Work instruction
Write out the full listing exactly as given, minus the images.

Provided material

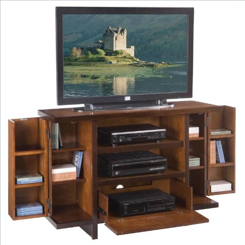 The geo deluxe entertainment center is constructed of poplar hardwood solids with walnut veneers in a rich walnut finish. Frame and top edges feature contrasting dark walnut veneer trim. Features start with a 52-inch wide top that will nicely accommodate larger flat screened TVs most 60-inch. To that add a convenient, cable accessible, open compartment with an adjustable shelf to house electronics. Or for additional or optional electronic storage use the cable accessible bottom drawer featuring a drop-front and metal drawer glides. Find ample DVD storage with the cleverly designed side cabinets that provide storage not only within the cabinet but also on the interior of the doors. Antiqued brass finished hardware. Easy to assemble. Measures 52-inch width by 18-inch depth by 32-inch height.
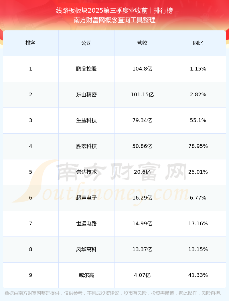 按照南方財富網(wǎng)概念查詢工具統(tǒng)計,該股所屬板塊為線路板板塊,該板塊共有9只股票,世運電路2025第三季度營收在該板塊中排名為第7名,該板塊2025第三季度營收排名前十的股票如下表:
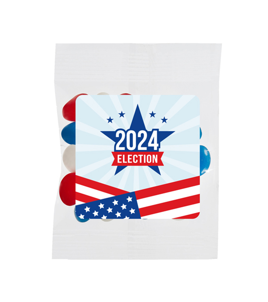 Tribute Treat Bag with Patriotic Jelly Belly® Jelly Beans – 1 oz. 1 oz. cello bag of red, white and blue Jelly Belly® Jelly Beans Flavors – Red Cherry, Blueberry, Coconut Full color digital decoration on label Item size: 3″ W x 4″ H Imprint area: Label: 1.875″ W x 1.875″ H (full color) Imprint: Label: 10 lines / 34 characters per line Applicable charges: $65.00 set up charge

Output
 The geo deluxe entertainment center is constructed of poplar hardwood solids with walnut veneers in a rich walnut finish. Frame and top edges feature contrasting dark walnut veneer trim. Features start with a 52-inch wide top that will nicely accommodate larger flat screened TVs most 60-inch. To that add a convenient, cable accessible, open compartment with an adjustable shelf to house electronics. Or for additional or optional electronic storage use the cable accessible bottom drawer featuring a drop-front and metal drawer glides. Find ample DVD storage with the cleverly designed side cabinets that provide storage not only within the cabinet but also on the interior of the doors. Antiqued brass finished hardware. Easy to assemble. Measures 52-inch width by 18-inch depth by 32-inch height.
 按照南方財富網(wǎng)概念查詢工具統(tǒng)計,該股所屬板塊為線路板板塊,該板塊共有9只股票,世運電路2025第三季度營收在該板塊中排名為第7名,該板塊2025第三季度營收排名前十的股票如下表:
 Tribute Treat Bag with Patriotic Jelly Belly® Jelly Beans – 1 oz. 1 oz. cello bag of red, white and blue Jelly Belly® Jelly Beans Flavors – Red Cherry, Blueberry, Coconut Full color digital decoration on label Item size: 3″ W x 4″ H Imprint area: Label: 1.875″ W x 1.875″ H (full color) Imprint: Label: 10 lines / 34 characters per line Applicable charges: $65.00 set up charge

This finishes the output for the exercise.